Fig. 2. A representation of the difference between a deep and sparse neural network.
Making a sparse network that works as well as a deep network
To that purpose, they created an algorithm called the Neural Tangent Transfer and used it to determine those connectivity structures - out of all possible configurations with a limited budget of neurons and connections - which could learn best on subsequent classification tasks. They applied the neural tangent transfer algorithm to large deep neural networks and instructed it to decide which 1% of the critical connections to keep and which 99% to prune in order to make a sparse neural network. The algorithm made these decisions using something called the Neural Tangent Kernel - a mathematical function that characterizes the change of the network’s response when it learns from a new piece of information.
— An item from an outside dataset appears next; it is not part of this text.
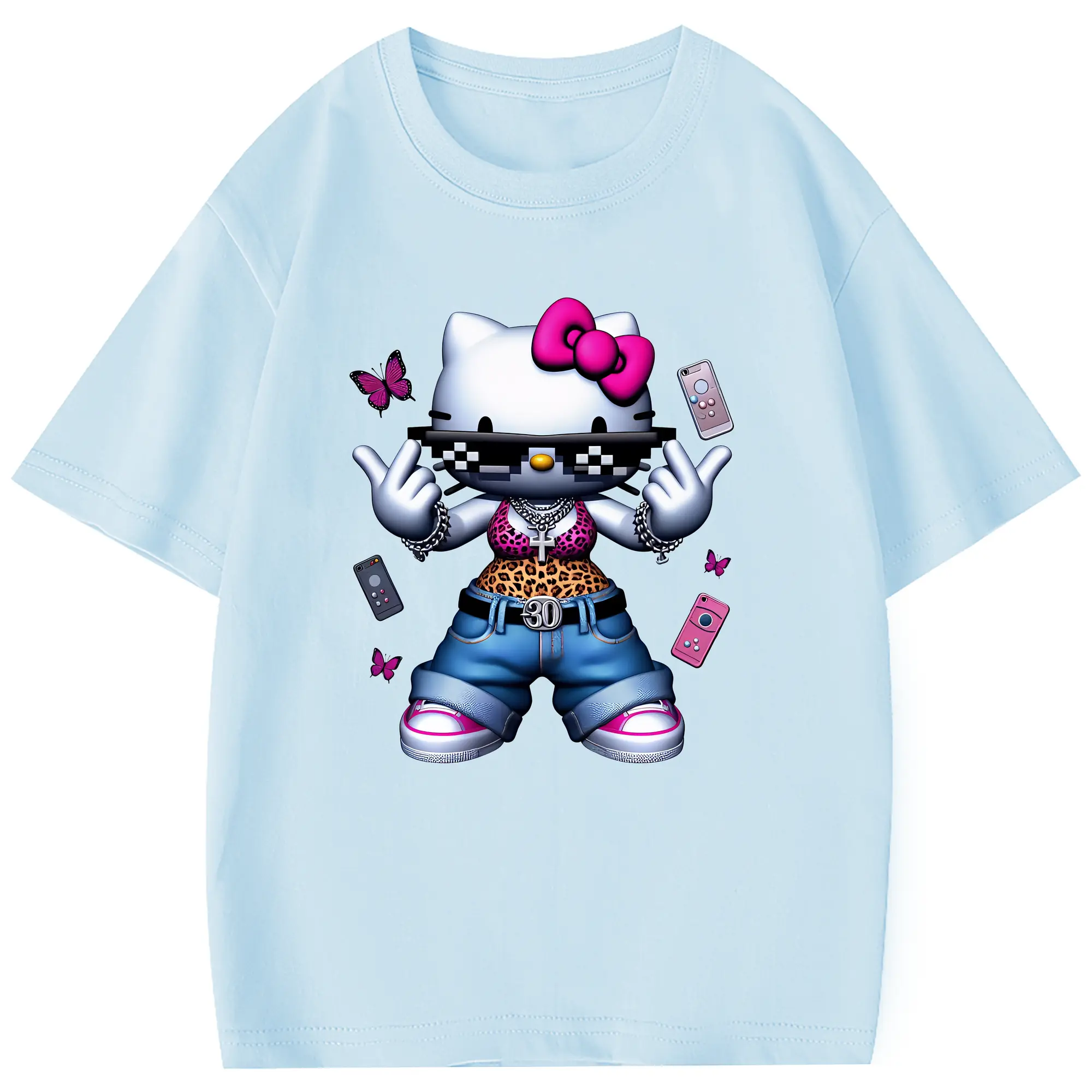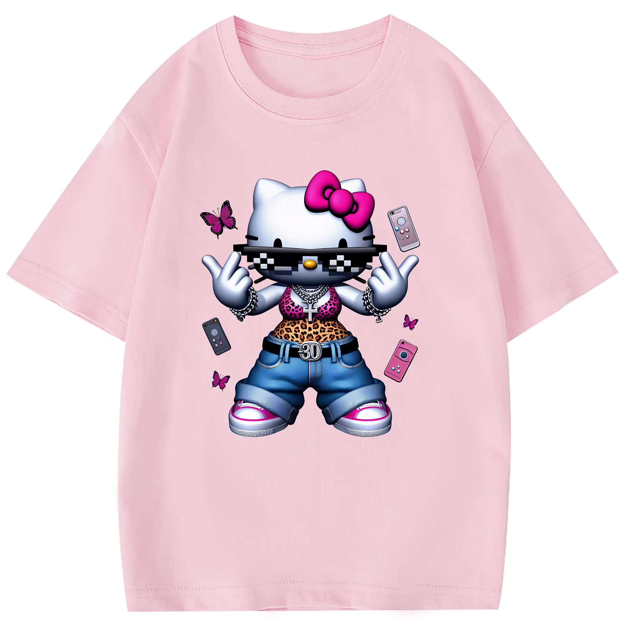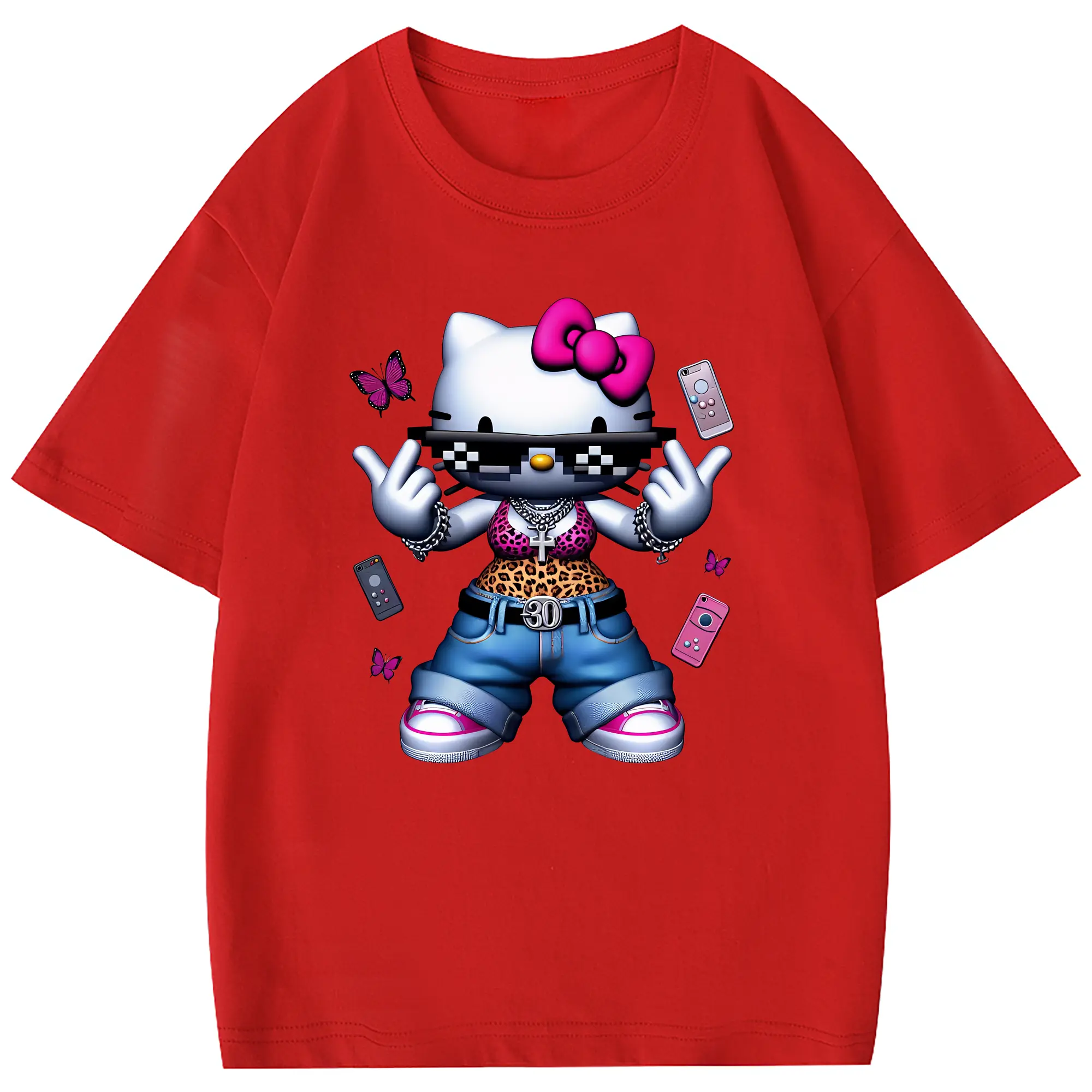 サンリオ グッズ,ハローキティ - 綿100% 半袖Tシャツ ・ フロントプリント ・ 快適 通気性 ・ 日常使い 散歩 スポーツ用

Only after this pruning, did the researchers test the newly ‘sparse’ neural networks on various classification tasks and assess how well they did. As hoped, the team found that the sparse neural networks that had undergone Neural Tangent Transfer were capable of carrying out these tasks just as well as initial deep neural networks with 100 times more connections. Zenke said: “We have known for some time now that the initial wiring diagram of a neural network has a profound impact on its ability to learn. Yet, we did not know how to establish effective wiring diagrams from first principles. This work now overcomes this hurdle by proposing a practical algorithm based on a rigorous mathematical framework.’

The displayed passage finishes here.